** EXERCISE DATA follows **

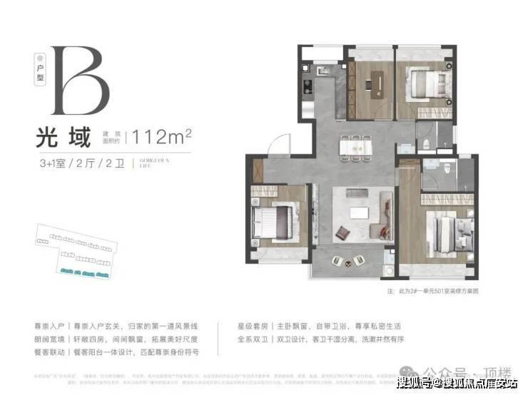 👉112㎡四房两卫:罕见“3+1”灵动空间,4飘窗+独立玄关,得房率82%,总价357万起;
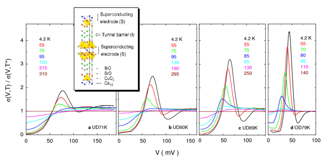 | 图一、不同掺杂的Bi2Sr2CaCu2O8+δ超导体的本征电子隧道谱,插图为晶体内部隧道结的形成情况。 |
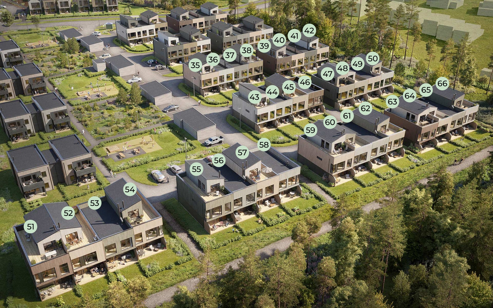 Vi utvider det første delfeltet med nye 2 og 3 etasjers rekkehus der boligene over 2 etasjer har en helt ny planløsning. Nabolaget vil bestå av leiligheter i firemannsboliger, rekkehus, tomannsboliger, eneboliger i kjede og eneboliger. Her bor du tett på naturen, samtidig som du har nærhet til alt du trenger i hverdagen som skoler, barnehager, butikker og servicetilbud.

** End of EXERCISE DATA **

### DIRECTIONS FOR THIS TASK
All of the listing should be transcribed exactly, but none of its images.

### EXERCISE RESULT
 👉112㎡四房两卫:罕见“3+1”灵动空间,4飘窗+独立玄关,得房率82%,总价357万起;
 | 图一、不同掺杂的Bi2Sr2CaCu2O8+δ超导体的本征电子隧道谱,插图为晶体内部隧道结的形成情况。 |
 Vi utvider det første delfeltet med nye 2 og 3 etasjers rekkehus der boligene over 2 etasjer har en helt ny planløsning. Nabolaget vil bestå av leiligheter i firemannsboliger, rekkehus, tomannsboliger, eneboliger i kjede og eneboliger. Her bor du tett på naturen, samtidig som du har nærhet til alt du trenger i hverdagen som skoler, barnehager, butikker og servicetilbud.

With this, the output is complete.